Pairing a donated organ with a potential recipient is a critical task requiring a near-perfect match. The necessity for such perfection is highly limiting, and for the thousands of Canadians waiting on transplant lists it can understandably diminish any hope of getting better or even surviving. However, a study co-authored by Vancouver Coastal Health Research Institute scientist Dr. Caigan Du holds promise that in the future, the use of stem cells during the transplant process may eliminate the need for a perfect match.
Published in the October 2014 issue of Lung, Dr. Du and his colleagues’ study details use of a novel murine model and the intravenous delivery of mesenchymal stem cells (MSCs) to lung transplant recipients before transplantation to find whether MSCs could protect lungs from cold ischemia reperfusion injury (IRI). Cold IRI is inevitable damage that happens to transplanted organs during two processes: first, when the donor organ is cooled and, second, when blood flow is returned once the organ is transplanted into the host’s body (i.e. reperfusion). IRI is a major cause of failure for newly transplanted lungs and immune cells are thought to mediate the injury that happens during reperfusion.
“With our work, we’re trying to reduce injury even before the organ has a chance to try functioning because that would allow for donated organs to be given to recipients who aren’t a perfect match,” says Dr. Du, an assistant professor in the Department of Urologic Sciences at the University of British Columbia.
Understanding that stem cells can run down, or suppress, the immune response, the researchers sought to determine whether MSCs could stop the host’s immune cells from damaging the new lung when blood flow returned.
“When a host receives a new lung that has been kept cold, reperfusion brings with it oxygen but also immune cells that can activate the host’s immune system,” he explains. “This can cascade into a process that damages the organ because the immune response starts fighting it as though it’s a foreign entity.”

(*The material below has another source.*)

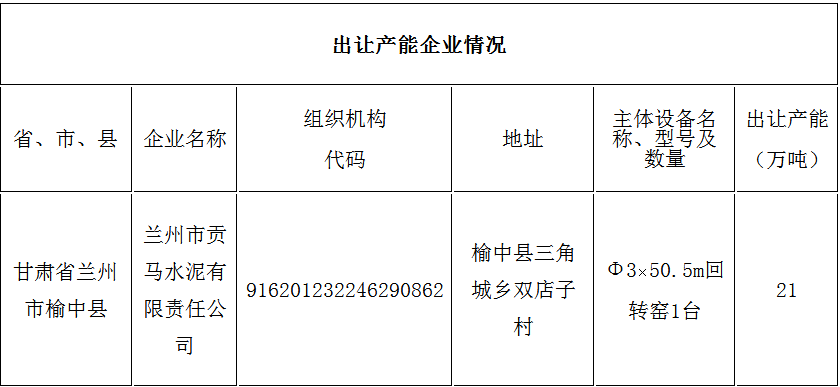 按照《國務院關于化解產能嚴重過剩矛盾的指導意見》(國發〔2013〕41號)、《工業和信息化部關于印發鋼鐵水泥玻璃行業產能置換實施辦法的通知》(工信部產業〔2017〕337號)和《甘肅省工業和信息化委員會關于做好鋼鐵水泥等行業產能置換工作的通知》(甘工信發〔2018〕241號)要求,現將蘭州市貢馬水泥有限責任公司水泥熟料產能出讓情況予以公示,歡迎社會公眾進行監督。

The researchers found that by administering MSCs to the lung recipient prior to transplantation, reperfusion injury to the transplanted lung was reduced. Furthermore, survival rates and lung blood oxygenation levels among MSC-recipients fared better than for those that did not receive stem cells. Intravenously delivered MSCs effectively improved function of the transplanted lungs.
“We essentially prepped the body so it was better able to accept the lung,” Dr. Du says.
Further research is needed to understand exactly what other roles, besides immune system suppression, stem cells may play in aiding the transplantation process and how they may also help with organ tissue repair. Even though additional evidence and knowledge is required before moving into human pre-clinical or clinical trials using stem cells in organ transplants, the study offers hope for more successful lung transplants in the future and less dependence on perfect matches.
“The big challenge with lung or other transplants is that we don’t have enough donors,” says Dr. Du. “If we’re successful in this line of research, we can increase the donor pool to help more people who may need organ transplants in the future.”